▸ **Action item**: What is needed is an exact transcription of the listing, with the images removed.

━━ Extracted data ━━

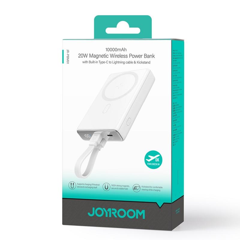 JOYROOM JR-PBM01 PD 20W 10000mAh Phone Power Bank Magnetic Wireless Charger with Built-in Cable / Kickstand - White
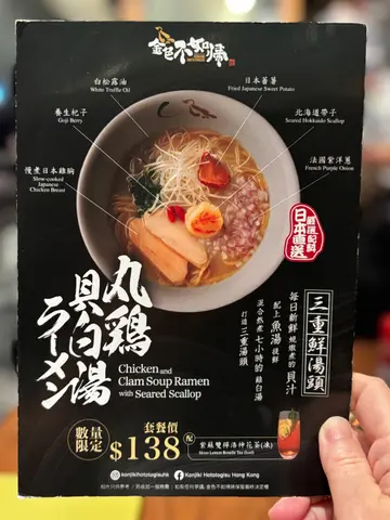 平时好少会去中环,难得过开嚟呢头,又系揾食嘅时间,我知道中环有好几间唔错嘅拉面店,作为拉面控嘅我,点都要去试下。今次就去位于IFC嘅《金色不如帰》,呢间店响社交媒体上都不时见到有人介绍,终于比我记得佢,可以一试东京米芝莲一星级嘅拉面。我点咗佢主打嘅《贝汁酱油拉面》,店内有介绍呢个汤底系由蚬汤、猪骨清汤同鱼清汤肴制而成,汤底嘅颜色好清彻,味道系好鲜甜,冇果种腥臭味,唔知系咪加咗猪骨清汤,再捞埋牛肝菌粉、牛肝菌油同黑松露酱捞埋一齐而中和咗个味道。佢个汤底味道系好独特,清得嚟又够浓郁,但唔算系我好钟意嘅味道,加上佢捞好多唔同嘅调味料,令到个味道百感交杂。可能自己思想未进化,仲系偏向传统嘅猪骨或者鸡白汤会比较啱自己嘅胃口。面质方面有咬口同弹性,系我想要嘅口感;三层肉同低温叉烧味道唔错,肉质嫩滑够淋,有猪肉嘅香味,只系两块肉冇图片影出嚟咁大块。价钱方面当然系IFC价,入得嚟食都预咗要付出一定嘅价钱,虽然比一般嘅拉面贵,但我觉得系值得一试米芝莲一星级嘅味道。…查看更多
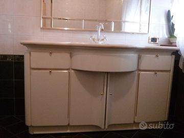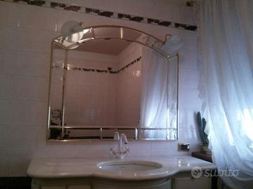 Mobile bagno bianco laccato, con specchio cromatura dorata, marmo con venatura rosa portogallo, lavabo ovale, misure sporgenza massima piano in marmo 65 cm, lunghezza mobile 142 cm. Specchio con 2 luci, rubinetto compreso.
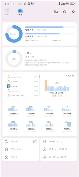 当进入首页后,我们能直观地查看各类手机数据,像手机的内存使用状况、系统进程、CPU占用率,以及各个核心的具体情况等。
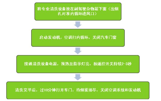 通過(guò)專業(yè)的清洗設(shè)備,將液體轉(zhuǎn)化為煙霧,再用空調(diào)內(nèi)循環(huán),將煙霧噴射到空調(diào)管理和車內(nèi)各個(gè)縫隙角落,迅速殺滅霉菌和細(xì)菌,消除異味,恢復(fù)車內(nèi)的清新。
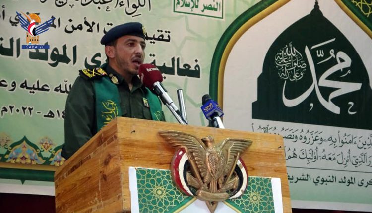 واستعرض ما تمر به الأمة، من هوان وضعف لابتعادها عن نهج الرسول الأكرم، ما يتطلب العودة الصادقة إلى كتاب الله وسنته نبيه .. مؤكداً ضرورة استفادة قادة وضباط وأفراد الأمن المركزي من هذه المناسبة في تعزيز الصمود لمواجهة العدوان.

━━━

▸ **Task result**:
 JOYROOM JR-PBM01 PD 20W 10000mAh Phone Power Bank Magnetic Wireless Charger with Built-in Cable / Kickstand - White
 平时好少会去中环,难得过开嚟呢头,又系揾食嘅时间,我知道中环有好几间唔错嘅拉面店,作为拉面控嘅我,点都要去试下。今次就去位于IFC嘅《金色不如帰》,呢间店响社交媒体上都不时见到有人介绍,终于比我记得佢,可以一试东京米芝莲一星级嘅拉面。我点咗佢主打嘅《贝汁酱油拉面》,店内有介绍呢个汤底系由蚬汤、猪骨清汤同鱼清汤肴制而成,汤底嘅颜色好清彻,味道系好鲜甜,冇果种腥臭味,唔知系咪加咗猪骨清汤,再捞埋牛肝菌粉、牛肝菌油同黑松露酱捞埋一齐而中和咗个味道。佢个汤底味道系好独特,清得嚟又够浓郁,但唔算系我好钟意嘅味道,加上佢捞好多唔同嘅调味料,令到个味道百感交杂。可能自己思想未进化,仲系偏向传统嘅猪骨或者鸡白汤会比较啱自己嘅胃口。面质方面有咬口同弹性,系我想要嘅口感;三层肉同低温叉烧味道唔错,肉质嫩滑够淋,有猪肉嘅香味,只系两块肉冇图片影出嚟咁大块。价钱方面当然系IFC价,入得嚟食都预咗要付出一定嘅价钱,虽然比一般嘅拉面贵,但我觉得系值得一试米芝莲一星级嘅味道。…查看更多
 Mobile bagno bianco laccato, con specchio cromatura dorata, marmo con venatura rosa portogallo, lavabo ovale, misure sporgenza massima piano in marmo 65 cm, lunghezza mobile 142 cm. Specchio con 2 luci, rubinetto compreso.
 当进入首页后,我们能直观地查看各类手机数据,像手机的内存使用状况、系统进程、CPU占用率,以及各个核心的具体情况等。
 通過(guò)專業(yè)的清洗設(shè)備,將液體轉(zhuǎn)化為煙霧,再用空調(diào)內(nèi)循環(huán),將煙霧噴射到空調(diào)管理和車內(nèi)各個(gè)縫隙角落,迅速殺滅霉菌和細(xì)菌,消除異味,恢復(fù)車內(nèi)的清新。
 واستعرض ما تمر به الأمة، من هوان وضعف لابتعادها عن نهج الرسول الأكرم، ما يتطلب العودة الصادقة إلى كتاب الله وسنته نبيه .. مؤكداً ضرورة استفادة قادة وضباط وأفراد الأمن المركزي من هذه المناسبة في تعزيز الصمود لمواجهة العدوان.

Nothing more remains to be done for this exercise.